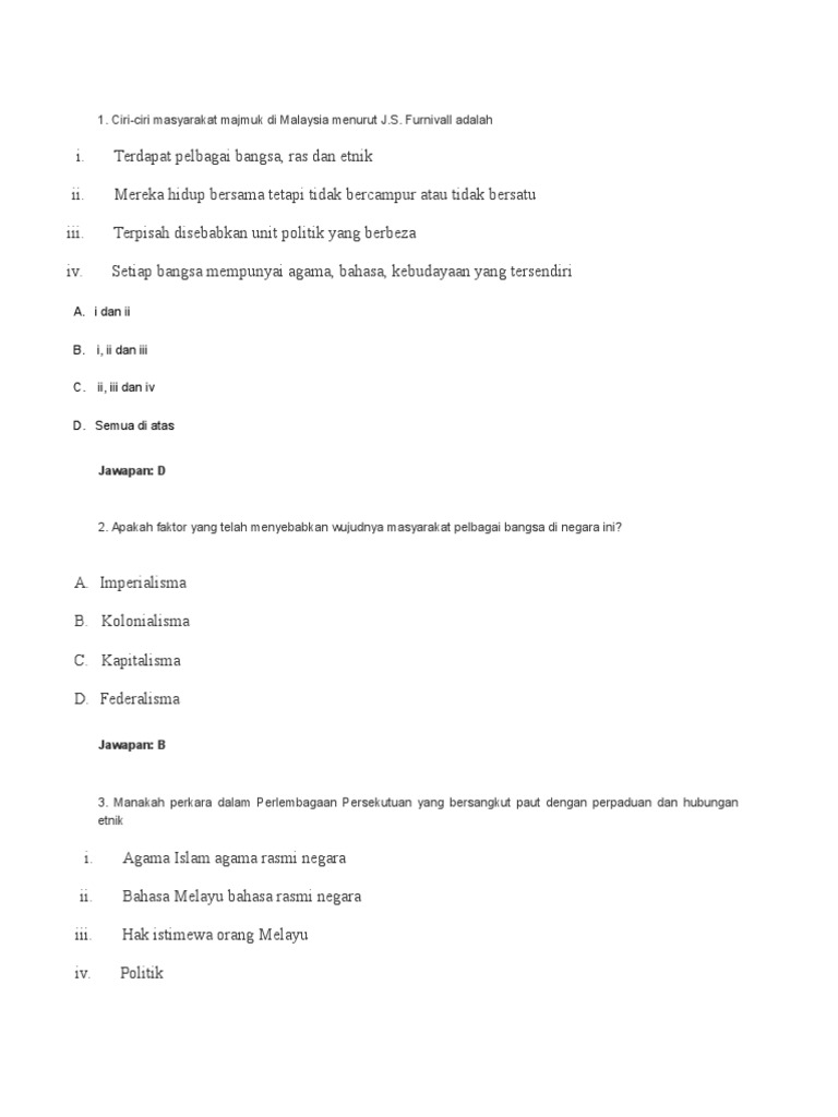 Contoh Soalan Dan Jawapan Hubungan Etnik Bab 5 - Woodwork ... from harakahdaily.net Mereka hidup bersama tetapi tidak bercampur atau tidak bersatu iii. Koleksi soalan hubungan etnik (untuk ipta & ipts) 1. Semua mata pelajaran tahun 6 disenarai di bawah. Contoh soalan peperiksaan pegawai tadbir diplomatik m41 via kokotiam.com. Soalan peperiksaan akhir tahun matematik tahun 1 2015 kertas 2 via www.slideshare.net. Kertas peperiksaan ini adalah bahasa melayu untuk murid darjah 4 mengikut kurikulum standard sekolah rendah (kssr). .soalan peperiksaan akhir tahun 2, contoh soalan peperiksaan akhir tahun 2018, contoh soalan peperiksaan pertengahan tahun 4, contoh soalan eq, contoh soalan iq, contoh soalan psra, contoh soalan spa, contoh soalan related posts to contoh soalan peperiksaan perniagaan tingkatan 4. Mpu 3113 hubungan etnik peperiksaan akhir semester bahagian soalan objektif (40 markah) arahan:
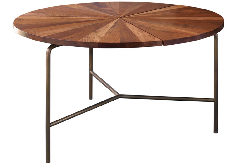 Tavolo circolare disegnato da Craig Bassam per Bassam Fellows, è un tavolo da pranzo composto da 3 parti in legno sepatarete tra loro e tenute insieme da un tubolare di ottone, base di due finiture, bronzo e acciaio inossidabile solido rivestito nanoceramico.
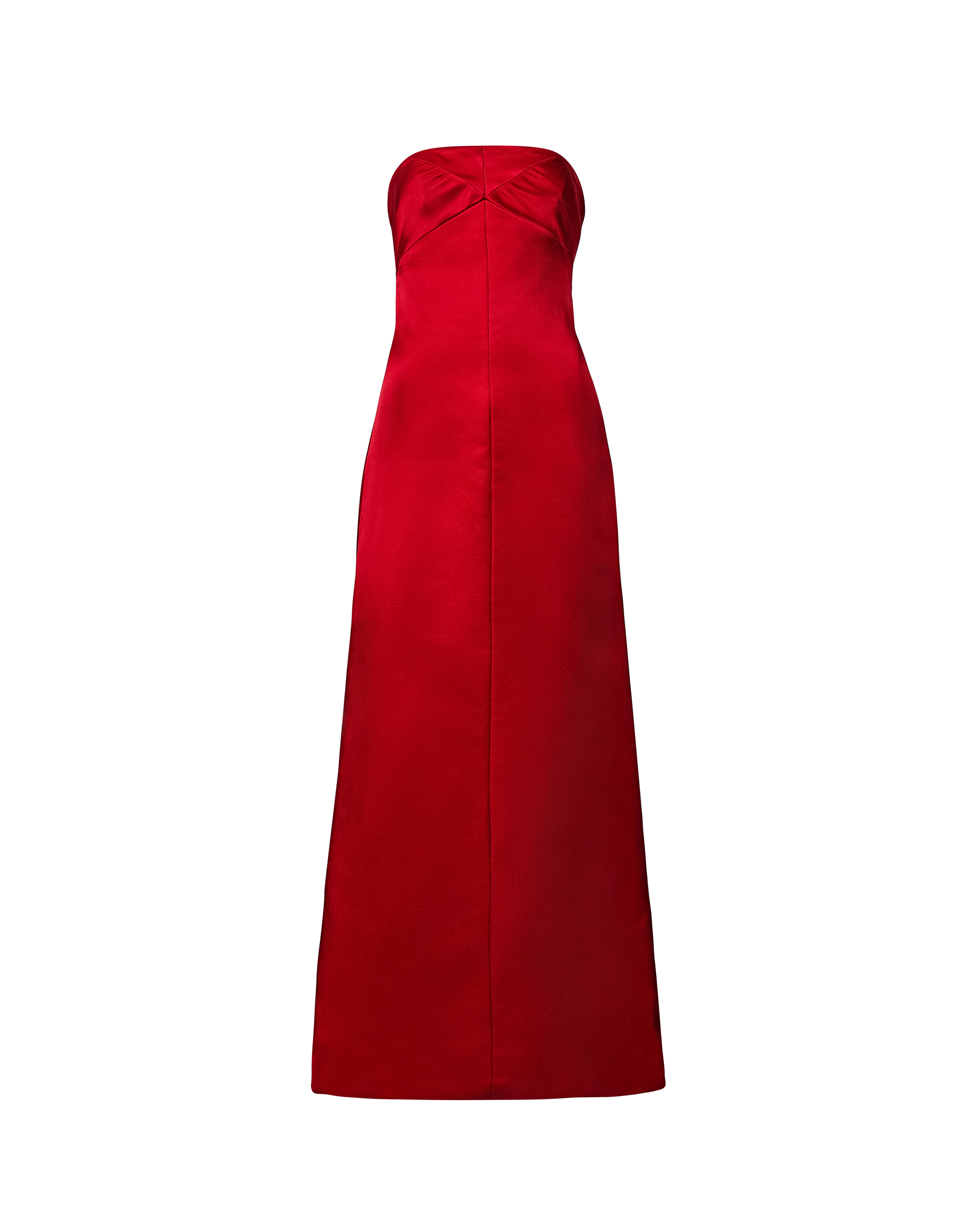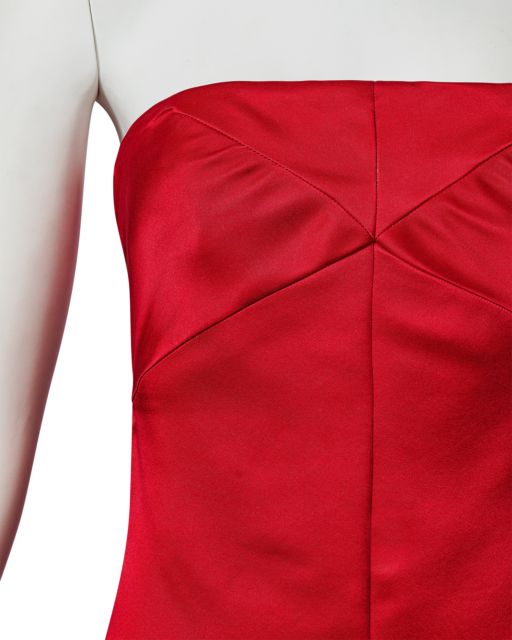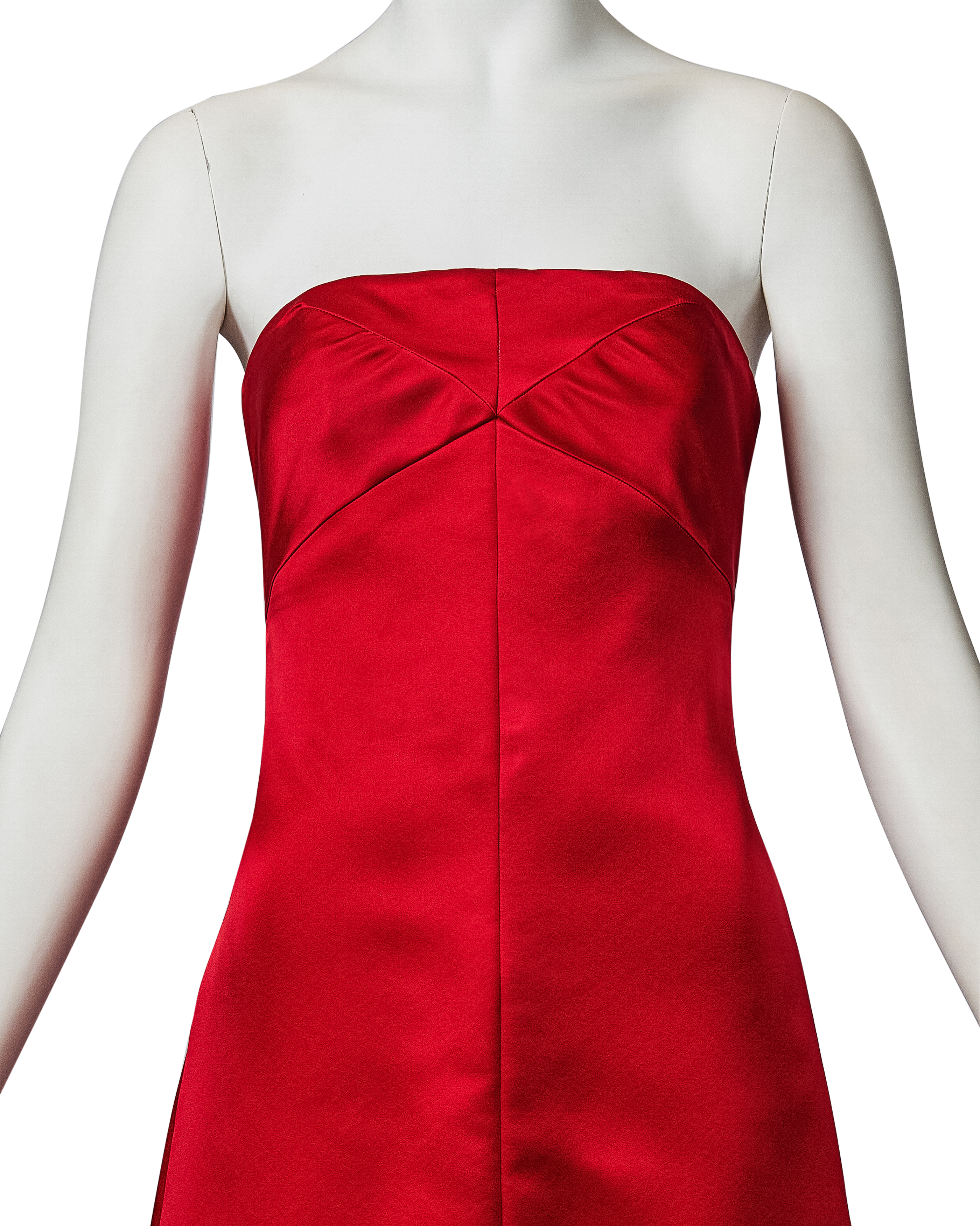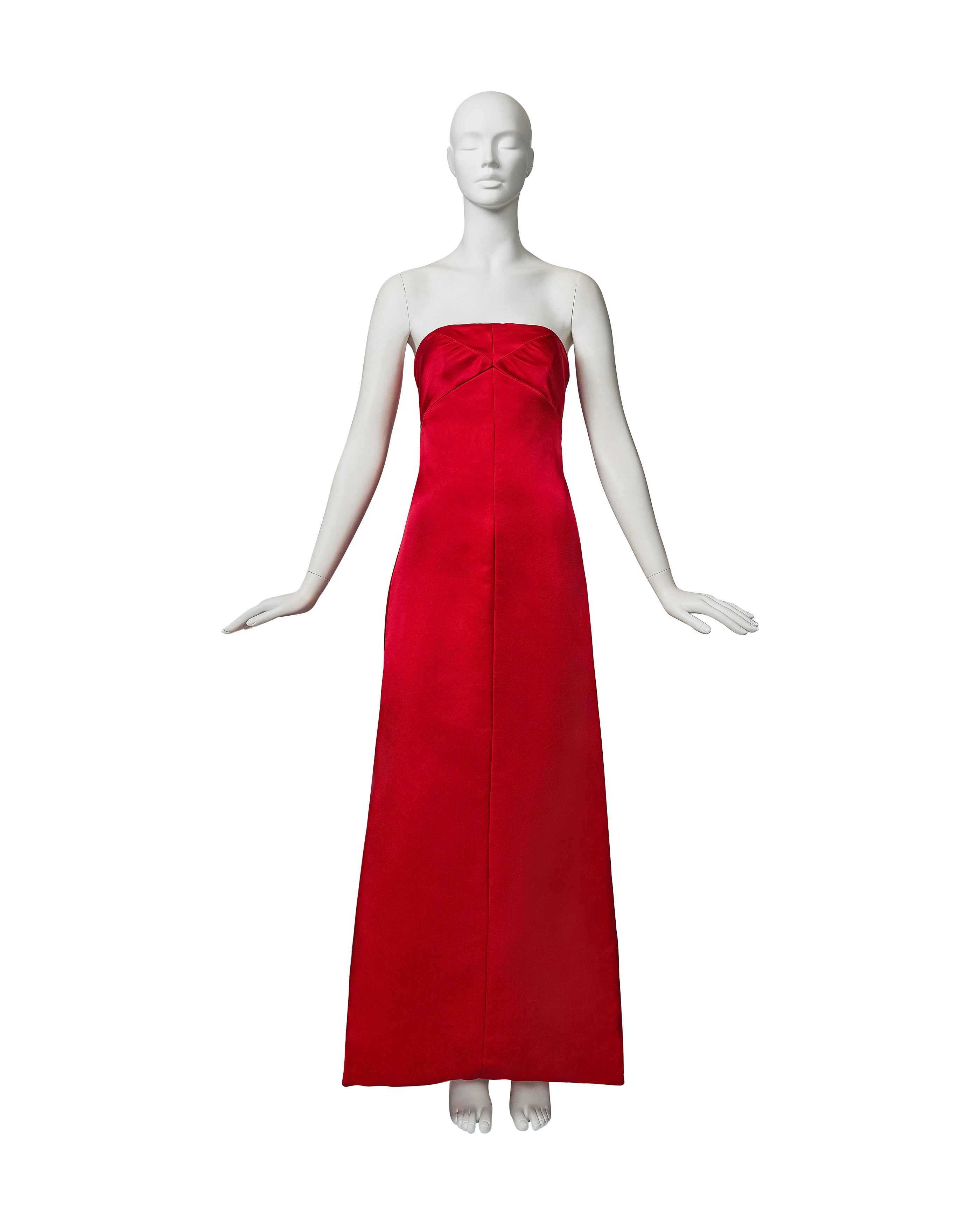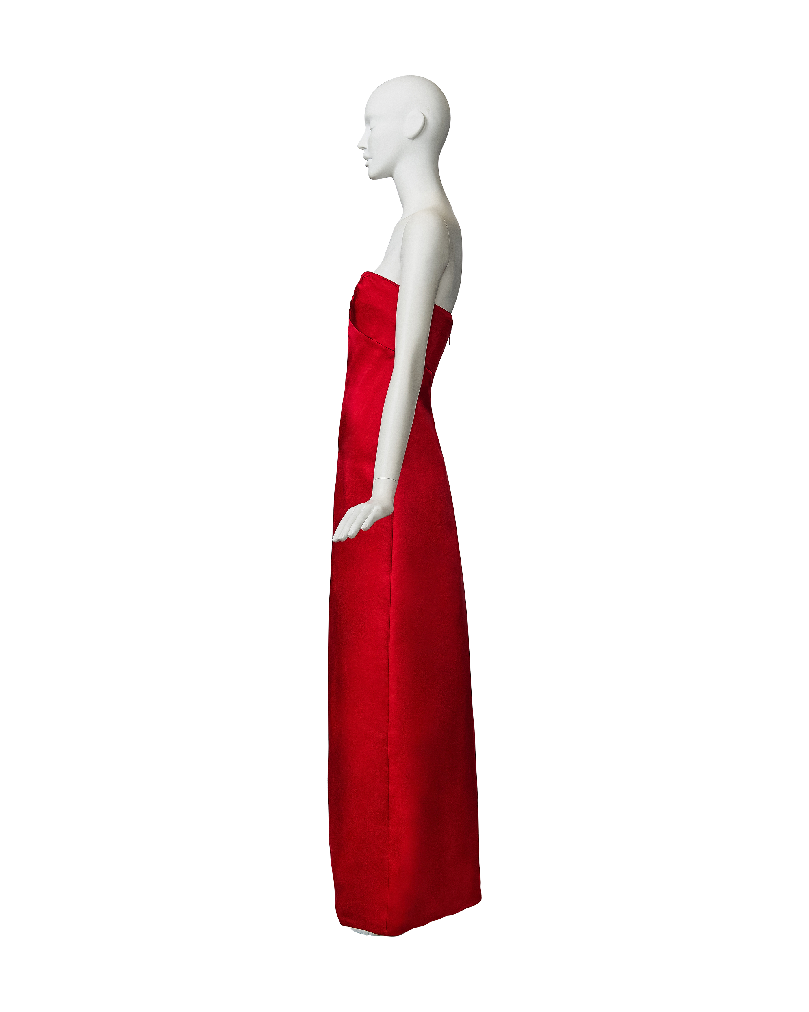 1970's Bill Blass cherry red strapless A-line gown. Features geometric curved paneling at bust and slight A-line silhouette. Concealed back zip closure and built-in corset with boning at sides. New with original brand tags (retailed for $3,320.00 originally). In very good vintage condition with light wear at hemline.

______

**What you need to do**
In the copy, include exactly the lines from the one with "Tavolo circolare disegnato" through the final line of the data, both ends included, and no pictures.

**Task answer**
 Tavolo circolare disegnato da Craig Bassam per Bassam Fellows, è un tavolo da pranzo composto da 3 parti in legno sepatarete tra loro e tenute insieme da un tubolare di ottone, base di due finiture, bronzo e acciaio inossidabile solido rivestito nanoceramico.
 1970's Bill Blass cherry red strapless A-line gown. Features geometric curved paneling at bust and slight A-line silhouette. Concealed back zip closure and built-in corset with boning at sides. New with original brand tags (retailed for $3,320.00 originally). In very good vintage condition with light wear at hemline.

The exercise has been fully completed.